■ **WHAT THE EXERCISE ASKS**
Transcribe word for word each line from the one containing "متظاهرون سودانيون أغلقوا" to the final line of the data, both included. Skip the pictures.

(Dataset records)
···

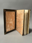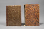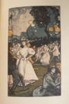 et peint enchâssée, contreplats bordés de maroquin orné d'un filet à froid et d'un filet doré et de 4 fleurs stylisées mosaïquées aux angles, doublure et garde de satin brodé sable à motif floral, seconde garde de papier marbré, tranches dorées sur témoins, couvertures conservées, chemise demi-maroquin brun [Marius Michel], étui sans doute ajouté (dos un peu passé, accroc au bord de l'étui ; rousseurs sporadiques). Édition illustrée de 63 bois originaux en couleurs par Auguste Lepère, dont 4 à pleine page. Tirage à 250 exemplaires : 25 sur japon, 25 sur Chine et 200 sur papier d'Arches à la main. Celui-ci n'est pas justifié, mais tiré sur japon et contient, comme il se doit, une suite complète de toutes les gravures. Celles-ci, tirées sur Chine ou japon nacré fin, et ont été pour leur majeure partie montées par le relieur sur des feuillets supplémentaires répartis dans le volume. Splendide exemplaire, dans une reliure d'exception illustrée au plat supérieur d'une composition originale gravée et peinte, signée par Auguste Lepère. Elle montre une femme élégante debout de dos à côté d'une colonne, avec des mendiants assis à ses pieds. Enrichi du prospectus (volant) et d'une carte de visite autographe signée de Jean Richepin.
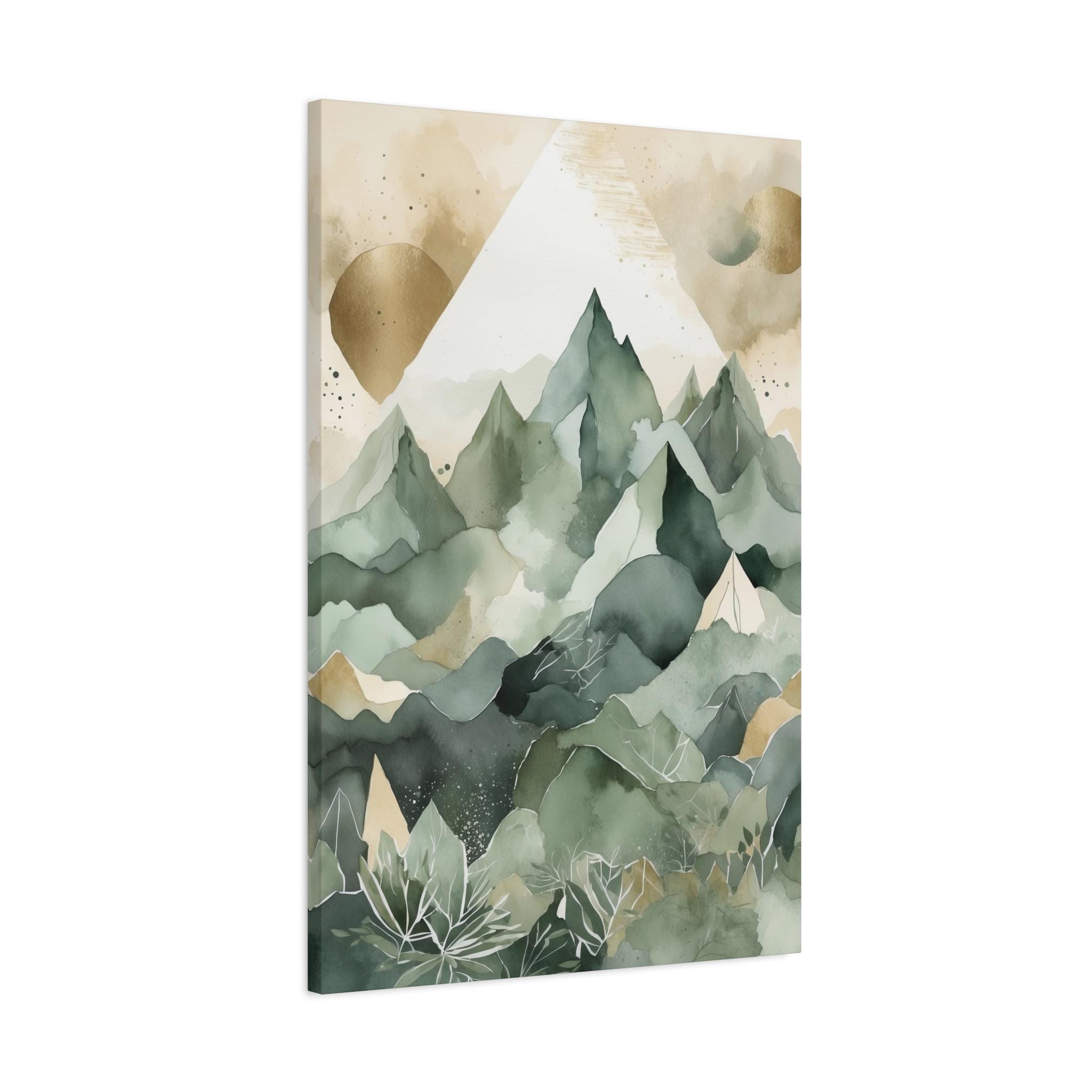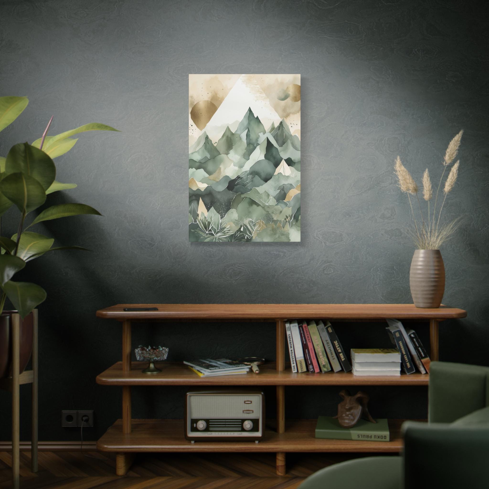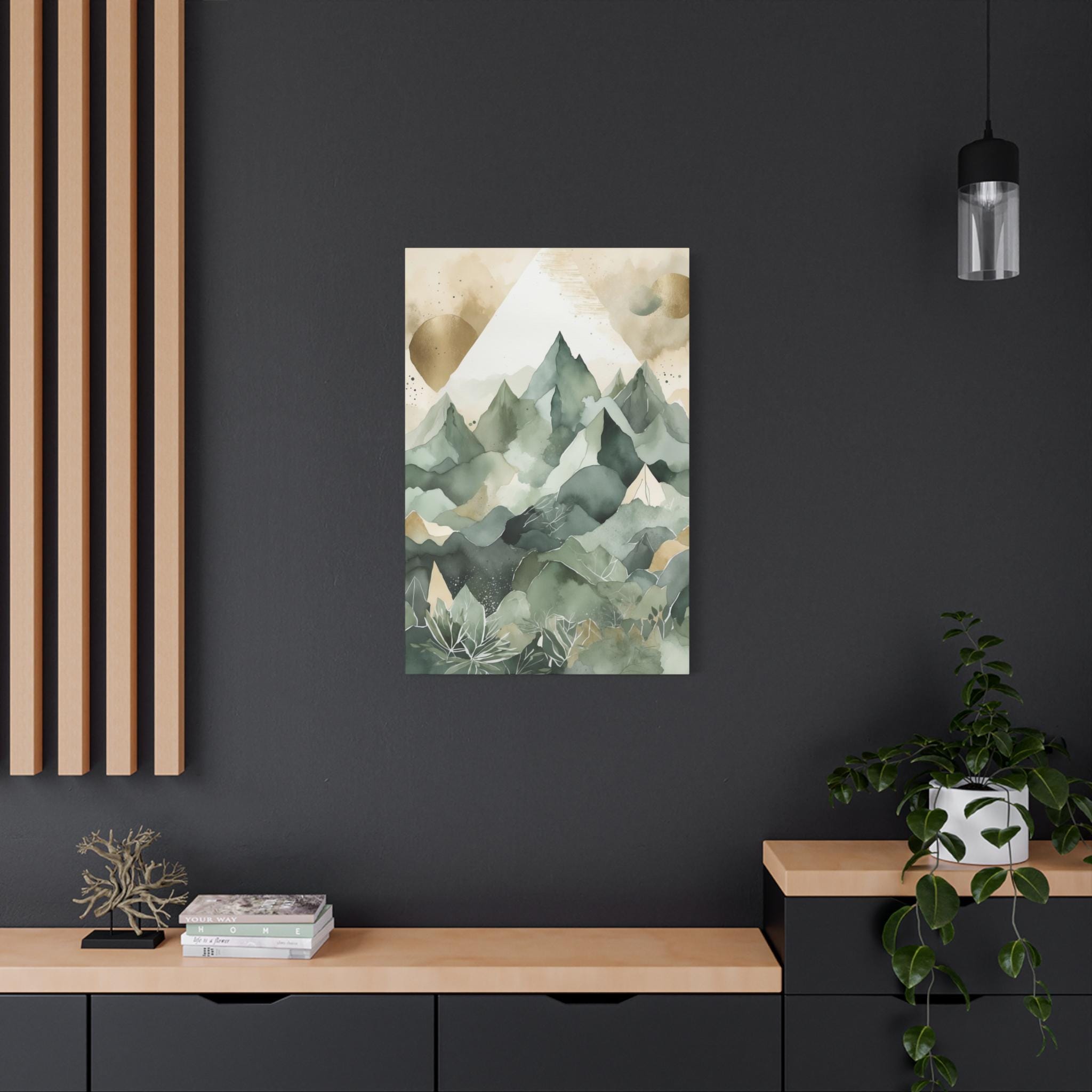 "Verdant Peaks" blends the strength of structure with the softness of nature. This abstract geometric mountain composition features delicate leaf overlays and gentle watercolor washes in soothing neutral and sage green tones. The result is a balanced harmony of modern design and organic beauty - serene yet visually captivating.
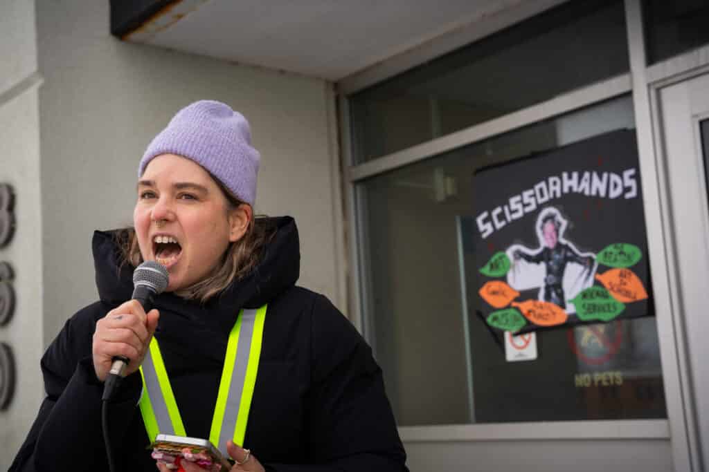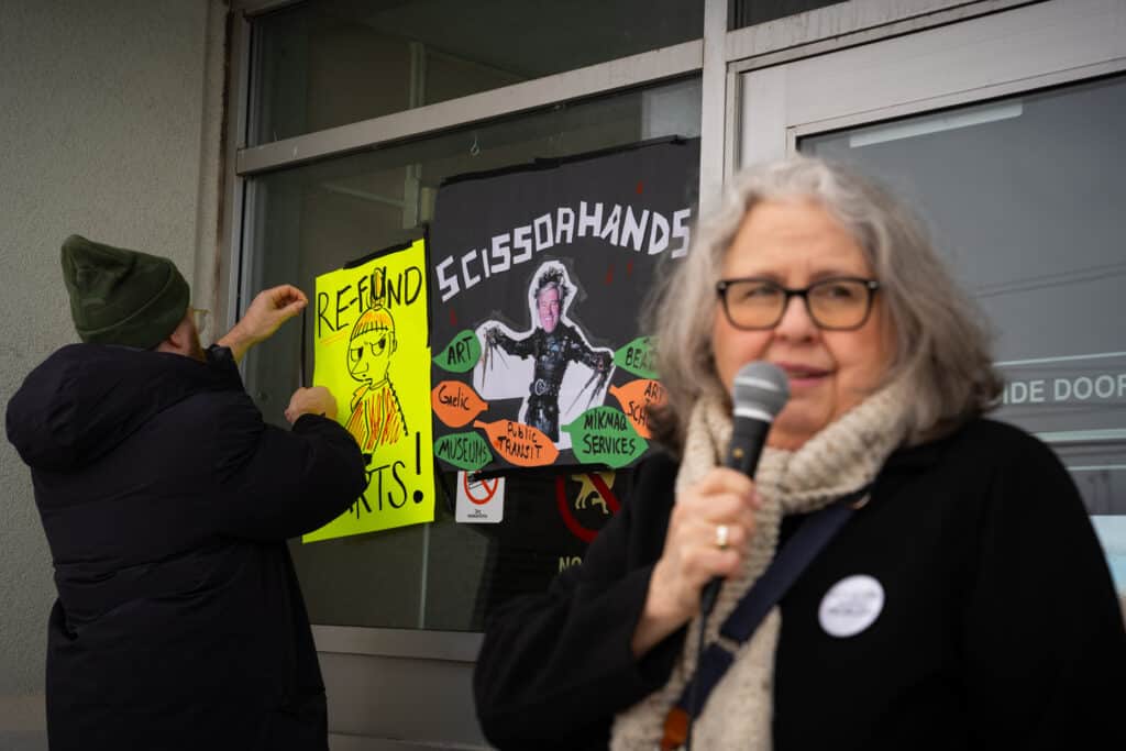 Mel Kearney, an artist and Eltuek Arts Centre’s Curator, led a rally on Wednesday afternoon to protest widespread budget cuts that reduce or eliminate almost 300 operational grants for community organizations and programs.
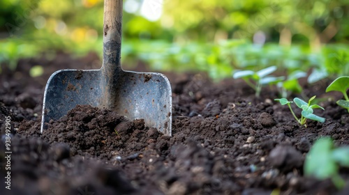 garden, shovel, tool, dirt, dirtied, spring, germinating, growth, plant, germ bud, green, nature, organic, farming, agriculture, gardening, ground, fresh, earth, cultivation, planting, landscape, closeup, macro, background, texture, farm, field, rural, vegetable, leaf, stem, life, environment, natural, new, begin, start, equipment, closeup, brown, black, summer, fall, autumn, harvest, work
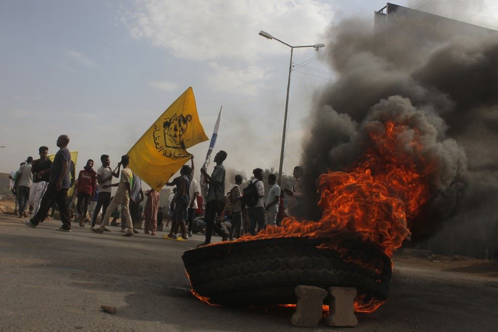 متظاهرون سودانيون أغلقوا أحد شوارع العاصمة الخرطوم (21 ت1 2022، أ ف ب).
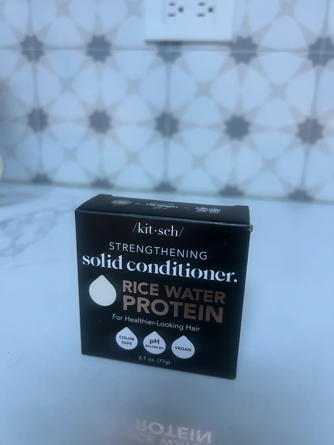 Kitsch Strengthening Solid Conditioner with Rice Water Protein. For healthier-looking hair. Color safe, pH balanced, and vegan. 2.7 oz. (77g) bar.
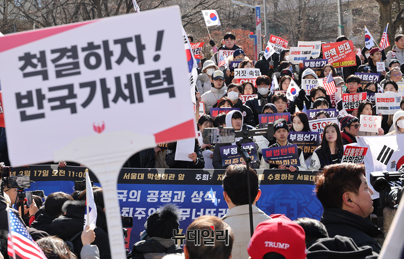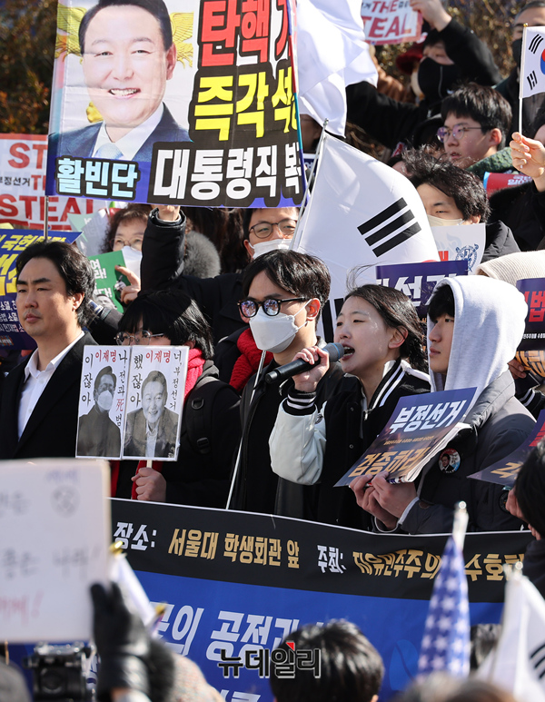 자유민주주의를 수호하는 서울대인 주최로 열린 서울대 탄핵반대 시국선언이 17일 오후 서울 관악구 서울대 아크로폴리스 광장에서 진행되고 있다. 시국선언에는 학생들의 자유발언으로 진행됐다.

···

■ **TASK OUTPUT**
 متظاهرون سودانيون أغلقوا أحد شوارع العاصمة الخرطوم (21 ت1 2022، أ ف ب).
 Kitsch Strengthening Solid Conditioner with Rice Water Protein. For healthier-looking hair. Color safe, pH balanced, and vegan. 2.7 oz. (77g) bar.
 자유민주주의를 수호하는 서울대인 주최로 열린 서울대 탄핵반대 시국선언이 17일 오후 서울 관악구 서울대 아크로폴리스 광장에서 진행되고 있다. 시국선언에는 학생들의 자유발언으로 진행됐다.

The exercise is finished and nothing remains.